Friday morning, I sat at my neighborhood coffee shop awaiting her arrival. I was curious and excited to see what sort of “space” she would be in. The “she” in this reflection is a young woman – a student of mine – who had just returned the day before from Central America. She had sent me a message that upon her return, she wanted to reconnect. And so there I sat, finishing up the last of my delectable cinnamon roll and glass of skim milk (hoping to offset the calories of the delectable cinnamon roll), anxious to hear her voice and enjoy her presence.
The thing is, her trip to Central America didn’t make much sense at all. She is just one semester away from graduating with her counseling degree but two months ago, she put everything on hold: her education, her friends and family, her jobs, her relatively comfortable life here in the Twin Ports and she packed up and headed south….truly for points unknown. And here’s the best part – the “why” of the story. She left because she was searching for herself.
To be sure, this unique journey had already begun. Since meeting this amazing woman, she has been grappling with life. Refusing to settle for superficial answers and fighting to understand her existence, I have observed her over the last two years, painfully and joyfully consuming her journey rather than simply floating on the currents of life.
And so, when we began talking seriously last summer about her desire to get away from everything, I knew this was the next logical step. I use the word “logical” intentionally because to most people, her desire was not logical at all. We live in times where the gospel of pragmatism reigns supreme. Every step we take must make sense or have practical value.
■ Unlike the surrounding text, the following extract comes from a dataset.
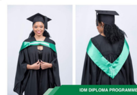
IDM DIPLOMA PROGRAMMES

We use terms like advantageous or phrases like fiscally responsible to grant merit to circumstances which, upon closer inspection, are simply calculated moves that minimize risk and garner cheap approval from all the other play-it-safer’s who surround us. Logic for this pilgrim meant that if she was going to be able to trust herself in the future, she needed to know that her foundation was strong. That all the questions and tears and insightful moments of the previous several years (of her entire life, in fact) had really taken hold. That indeed she had changed and was the strong woman she dared to believe she could become. What better way to trust this than to intentionally remove the safety net?
Just over two months ago her closest friends and I all gathered to send her off. It was one of the more beautiful moments I have experienced. The small group who came from all over the area presented her with beads that were strung for her journey, well wishes were expressed and gifts were given. The evening was shrouded in symbolic gestures that represented the very real love and respect we all held for her. It was our way of clothing her in the best (and most authentic) sentiments we held for her and then, we said “Goodbye.” And off she went.
She served indigenous people while she was there, touching lives while being touched. And she wandered and breathed and journaled and watched and felt and thought. Strangers became friends and challenges toppled one after the other as she expanded her own horizons like the explorers of old. And then, she returned.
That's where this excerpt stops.